• TASK STATEMENT:
Unless a line falls after the one with "Variety of application/protocol", retype it exactly from the records below; leave out all pictures.

• Stored dataset items:
=-=-=-=-=

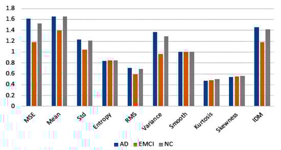 Statistical mean of each image asymmetry feature for normal cognition (NC), early minor cognitive impairment (EMCI), and Alzheimer’s disease (AD) patients.
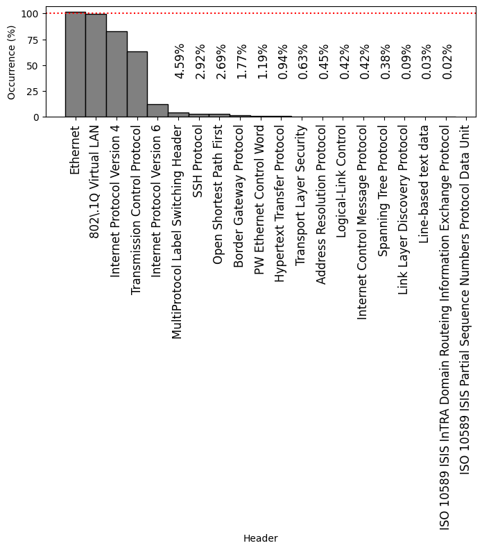 Variety of application/protocol headers across FABRIC site ports: (anonymised)
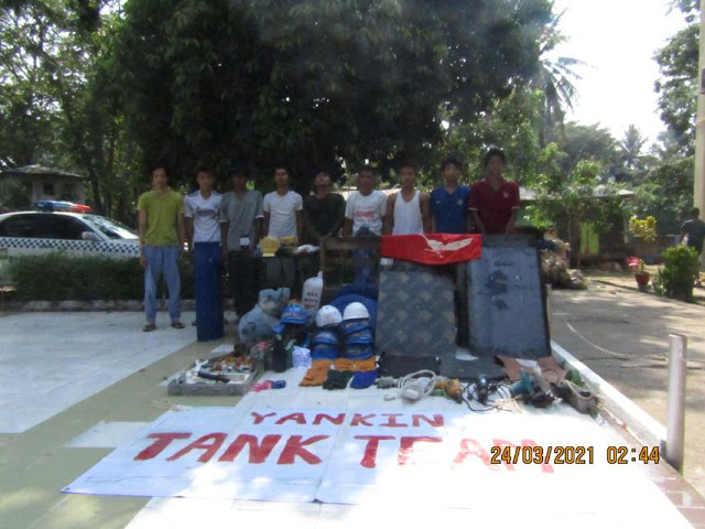 ထိုသို့ရှာဖွေခဲ့ရာ အိမ်အတွင်း၌ မင်းလွင် (၄၈)နှစ် (ဘ) ဦးသောင်းညွှန့်နှင့်အတူ ဇွဲမင်းကို (၂၂)နှစ် (ဘ) ဦးမင်းလွင်၊ ညီသက်ထွေး (၂၈)နှစ် (ဘ) ဦးလှသန်း၊ ပြည့်ဖြိုးမောင် (၂၆)နှစ် (ဘ) ဦးစောအယ်ဝါး၊ တင်ကိုဦး (၂၄)နှစ် (ဘ) ဦးကျော်မြင့်၊ ချစ်ကိုဦး (၂၇)နှစ် (ဘ) ဦးကျော်မြင့် တို့(၆)ဦးအား တွေ့ရှိသဖြင့် ထိန်းသိမ်းခဲ့ပြီး ဆက်လက်ရှာဖွေခဲ့ရာ နေအိမ်အတွင်းမှ ဂျင်ကလိ ၁၉၀ ချောင်း၊ ဂျင်ကလိပြုလုပ်ရန် ပိုင်းဖြတ်ထားသော သံချောင်း ၃၀၀ ချောင်း၊ စမုတ်တံ ၂၀ ချောင်း၊ လေးခွ ၇ လက်၊ လက်လုပ်မီးခိုးမိုင်း ၁ လုံး၊ ဒိုင်းမျိုးစုံ ၂၇ ခု၊ ကျည်ကာအင်္ကျီမျိုးစုံ ၃ ထည်၊ ယမ်းစိမ်း ၃ ကျပ်သား၊ ဦးထုပ်မျိုးစုံ ၁၀ လုံး၊ လက်အိတ်အကြီး/အသေး ၅ စုံ၊ ဖြတ်စက် ၂ လုံး၊ ဖောက်စက် ၁ လုံး၊ မီးပုလင်းပြုလုပ်မည့် ပစ္စည်းများနှင့် ဆက်စပ်ပစ္စည်းတို့အား တွေ့ရှိသိမ်းဆည်း ရမိခဲ့ပါသည်။
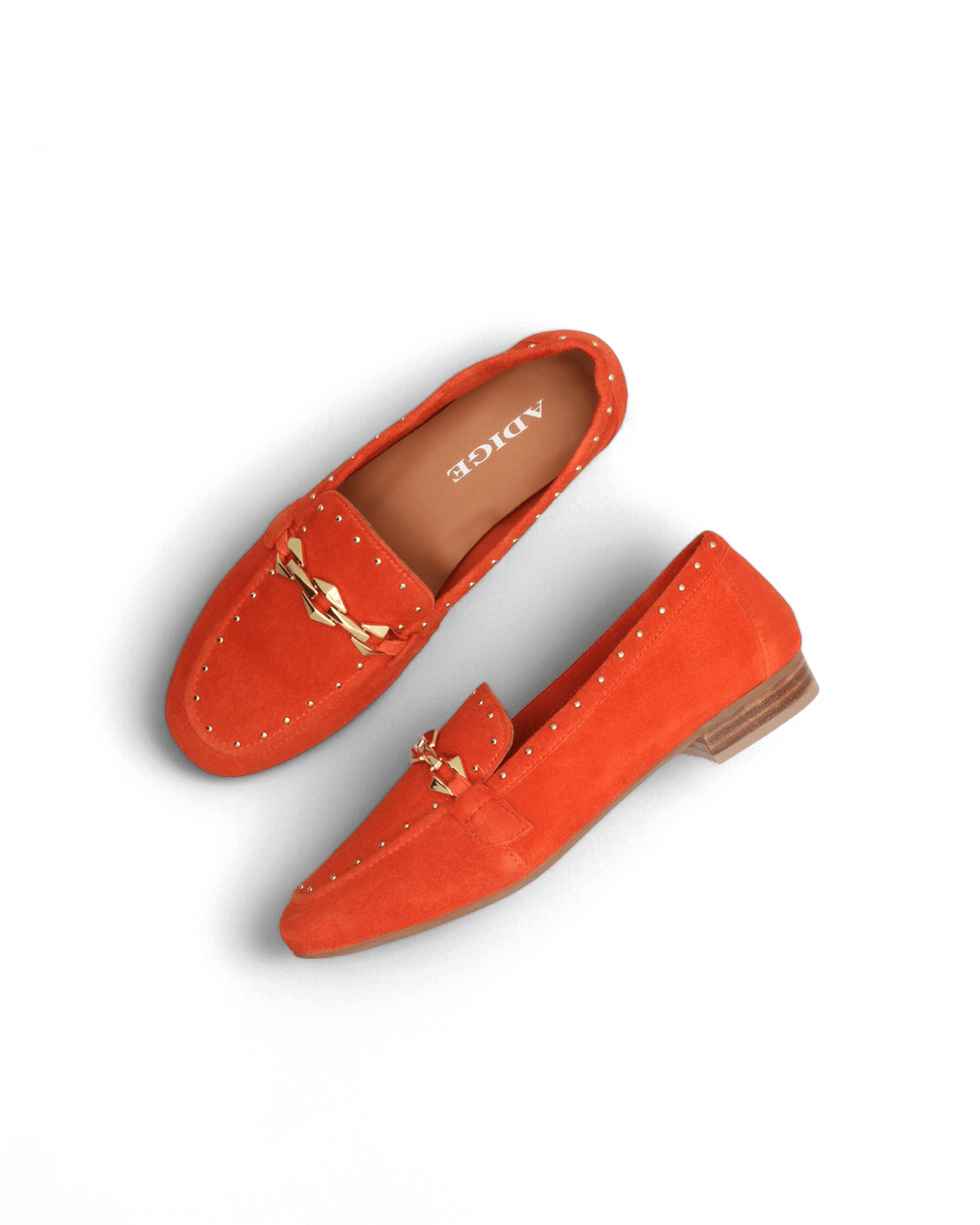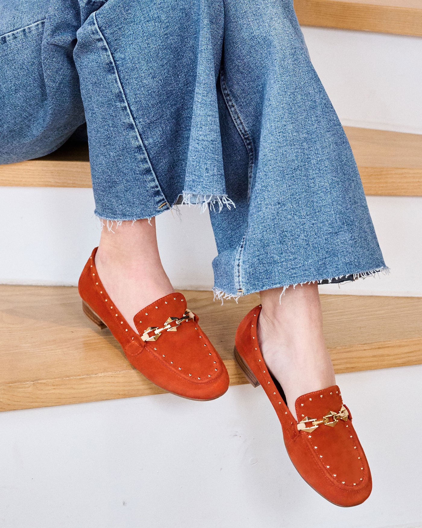Tout d’abord, que ce soit pour un look de bureau, une sortie décontractée ou une soirée spéciale, ces mocassins s’adaptent parfaitement à toutes les occasions. En effet, les mocassins en daim Kama sont un parfait mélange de chic et de modernité. Le daim de qualité supérieure, doux et luxueux au toucher, crée une texture subtile qui capte la lumière et met en valeur la profondeur de sa couleur orangée. Cette teinte vive et audacieuse ajoute une touche de fraîcheur et de sophistication à votre look. Elle reste pour autant assez polyvalente pour s’associer à une multitude de couleurs et de styles. Portez-les avec un jean décontracté et une chemise en lin pour un look quotidien. Vous pouvez également les combiner avec une robe élégante ou une jupe midi pour un ensemble plus sophistiqué. Par ailleurs, ses petits détails tels que les clous dorés ainsi que la jolie chaînette sur le dessus du pied ajoutent une touche de raffinement supplémentaire.
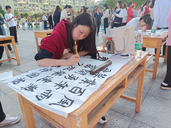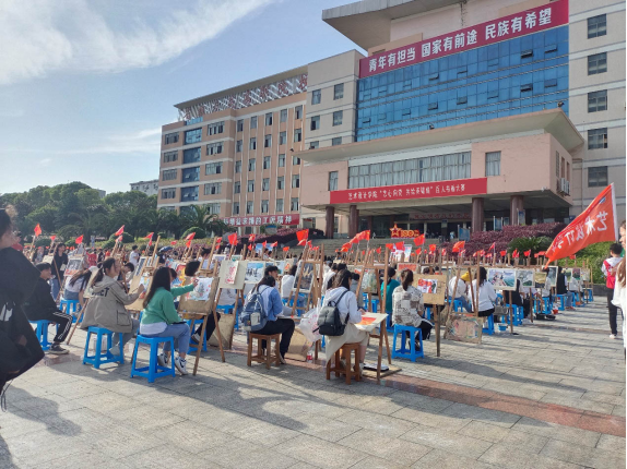 为庆祝建党100周年,培养学生爱国爱党情怀,娄底职院艺术设计学院于4月29日下午在该校文化广场举办“艺心向党 共绘英雄情”百人书画大赛。
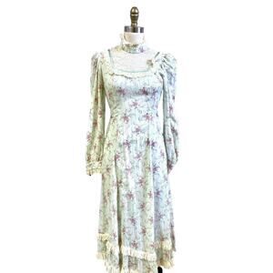 A stunning example of the romantic prairie aesthetic, this vintage 1970s dress captures the charm of the Victorian revival period. Reminiscent of the iconic Gunne Sax designs, it features a pale green sheer gauzy voile with a delicate pink floral mini print. The exquisite details include a bib yoke with lace and self-ties, elegant puffed sleeves, and a full, flowing silhouette. In excellent condition, with one small stain on the back that speaks to its authentic journey, this handmade garment is a truly unique find. By choosing this pre-owned piece, you embrace a sustainable lifestyle and a timeless, romantic look.
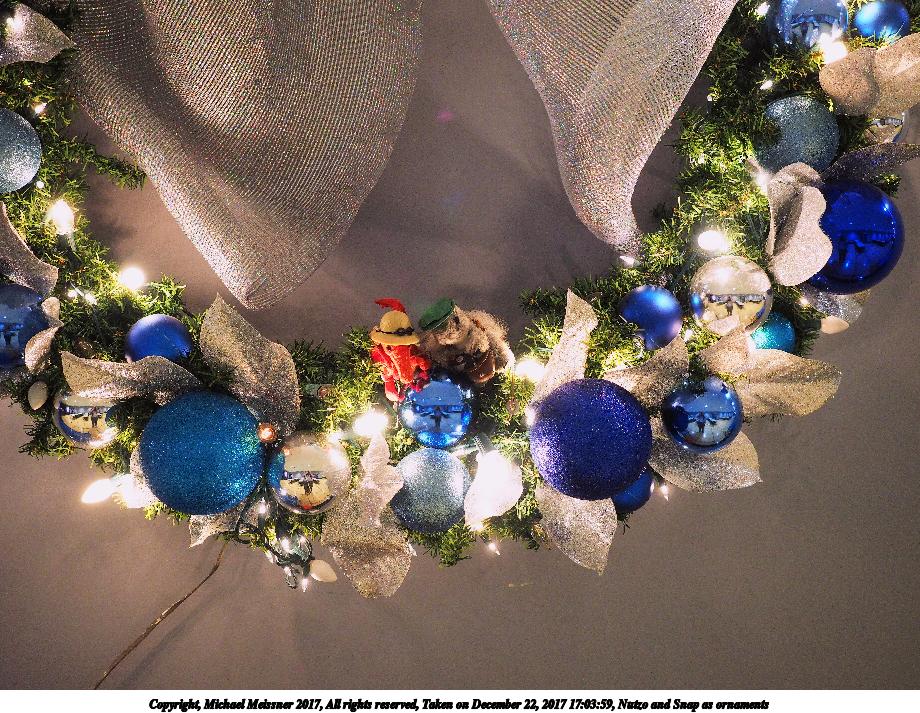 Picture #10: Nutzo and Snap as ornaments #2 Thumb: 460x345, 60,953 bytes (60K) Small: 920x713, 193,011 bytes (189K), (html file) Copyright, Michael Meissner 2017, All rights reserved Olympus E-M1-I camera with Olympus-m43 12-40mm f/2.8 lens f/2.8, ISO 200, flash (+0.33 flash compensation), 1/60 sec, 30.0mm, auto mode, vivid color, SHQ, flash (5500K), matrix metering, IS Auto, noise filter low, anti-shock 35mm equivalent focal length 60.0mm Programs used: adjusttime, crop, raw therapee Taken by Michael Meissner on December 22, 2017 17:03:46 Last modified on April 25, 2018 at 10:09 |
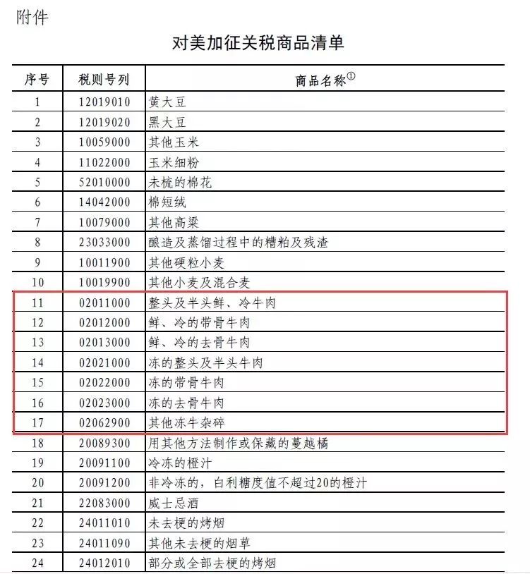當天,根據《中華人民共和國對外貿易法》和中華人民共和國進出口條例相關規定,及經國務院批準,國務院關稅稅則委員會決定,對原產于美國的大豆、汽車和牛肉等14類106項商品加征25%關稅。
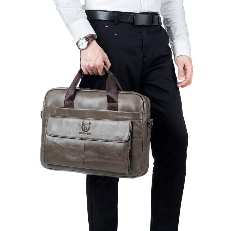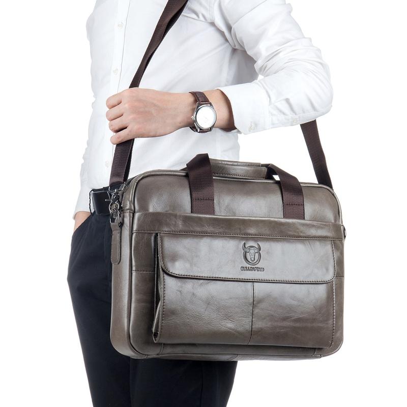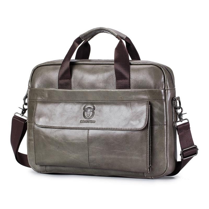 Bullcaptain 046 Laptop- und Umhängetasche aus Leder für Herren - Oberschicht-Rindsleder
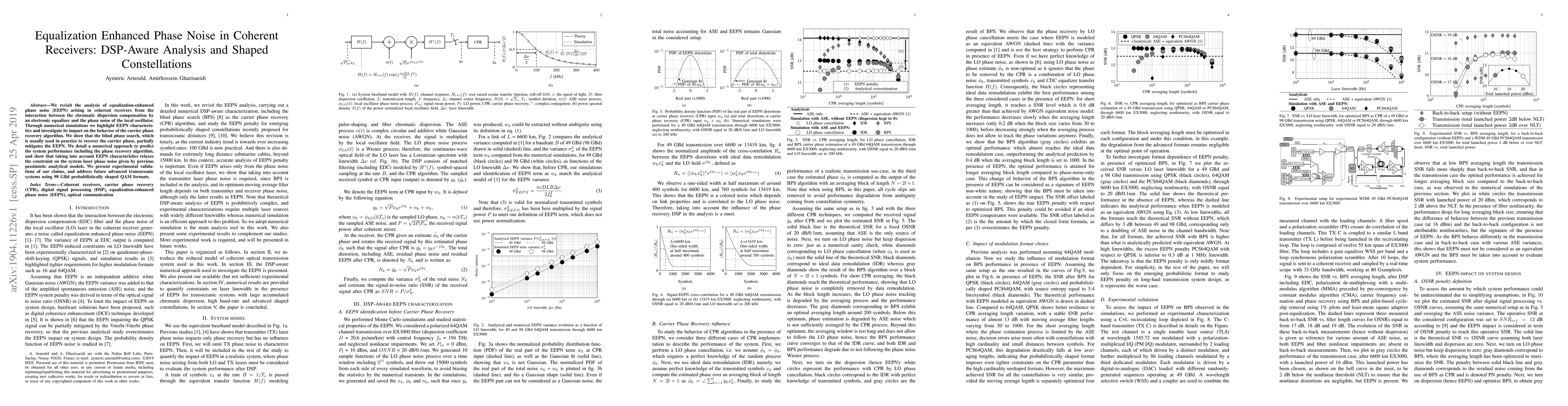 We revisit the analysis of equalization-enhanced phase noise (EEPN) arising in coherent receivers from the interaction between the chromatic dispersion compensation by an electronic equalizer and the phase noise of the local oscillator. Through numerical simulations we highlight EEPN characteristics and investigate its impact on the behavior of the carrier phase recovery algorithm. We show that the blind phase search, which is usually used in practice to recover the carrier phase, partially mitigates the EEPN. We detail a numerical approach to predict the system performance including the phase recovery algorithm, and show that taking into account EEPN characteristics relaxes the constraint on the system laser phase noise given by previous pessimistic analytical models. We present experimental validations of our claims, and address future advanced transoceanic systems using 98 GBd probabilistically shaped QAM formats.
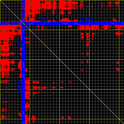 This matrix displays the maximum distance fluctuations between all pairs of CA atoms and between the two extreme conformations that were computed for this mode (DQMIN/DQMAX). Distance increases are plotted in blue and decreases in red for the strongest 10% of the residue pair distance changes. Every pixel corresponds to a single residue. Grey lines are drawn every 10 residues, yellow lines every 100 residues (counting from the upper left corner).

=-=-=-=-=

• OUTPUT OF THE TASK:
 Statistical mean of each image asymmetry feature for normal cognition (NC), early minor cognitive impairment (EMCI), and Alzheimer’s disease (AD) patients.
 Variety of application/protocol headers across FABRIC site ports: (anonymised)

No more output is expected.